Наконец, как всегда с опозданием, начинается концертная программа. Папа выходит на танцплощадку, в своем прекрасном фраке он похож на Фреда Астера, джентльмен до мозга костей. Mariachis играют для начала «Марш тореадора», бог знает почему. Все аплодируют. Мама входит в круг, храбрая и энергичная, как молодой бычок, – она несколько недель просидела дома, ухаживая за Папой. На ней шифоновое платье цвета морской волны, с высокой талией, она кивает и чопорно машет всем, как английская королева. Папа целует руку Мемо, прижимает лицо Тото к щеке и целует всех своих сыновей в лоб или в макушку. И мне хочется заплакать.
Затем mariachis играют медленную песню Solamente una vez[553]. И Маму с Папой заставляют танцевать. Мама поначалу держится скованно, и тогда ей приносят несколько коктейлей, выпивает их и расслабляется. Мама с Папой танцуют так, будто танцевали вместе целую вечность, как люди, примирившиеся друг с другом и любящие друг друга.

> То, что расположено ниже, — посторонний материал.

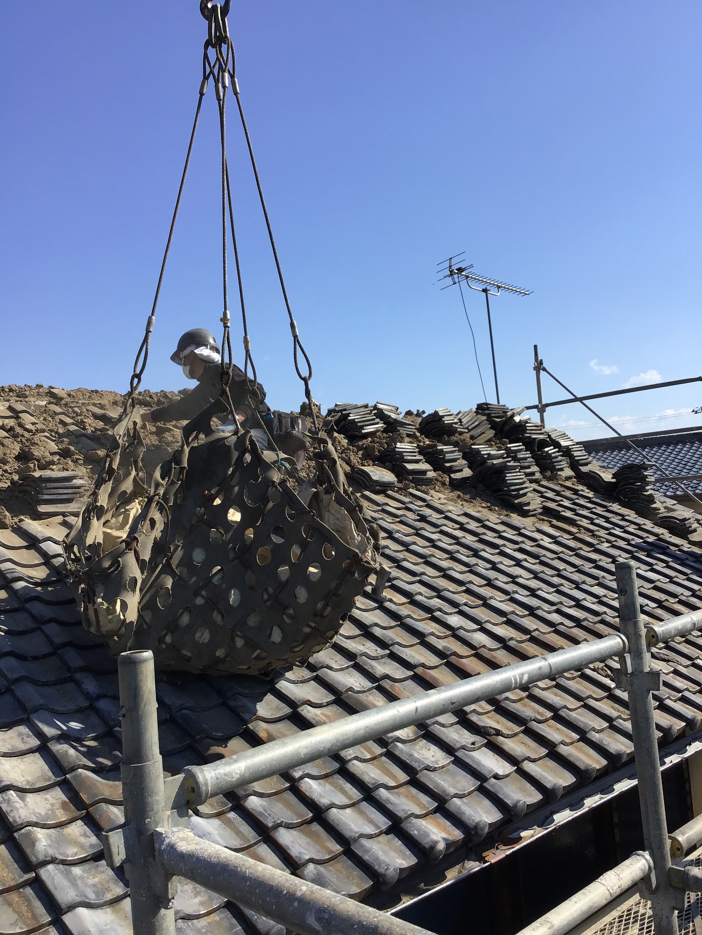 クレーンとハンガーフォークを使って瓦を上げます。

Наконец за дело берется приглашенный нами диджей, а mariachis уходят. Диджей просто потрясающий, он заводит самую разную музыку – от Переса Прадо до Стиви Уандера. Когда играет Kung Fu Fighting, все мамочки вскакивают со своих мест и тянут за собой мужей, но те не желают присоединиться к ним. Вместо этого с ними танцуют их дети. Малышам нравится такое. Они хныкают и ноют, требуя, чтобы их взяли на руки. Сорванцы машут кулаками в воздухе, колотя друг друга по шее, или бегают по танцплощадке. Маленькие девочки, по крайней мере принцессы, танцуют со своими папами, а те, что не принадлежат к королевской семье, друг с другом. Рафин chiquillo вопит, и они со Зденкой передают его друг другу до тех пор, пока Папа не вызывается немного прогуляться с ним, чтобы ребенок успокоился, но мы все понимаем, что он улизнул, чтобы выкурить запрещенную сигарету, которую стрельнул у кого-то из своих друзей.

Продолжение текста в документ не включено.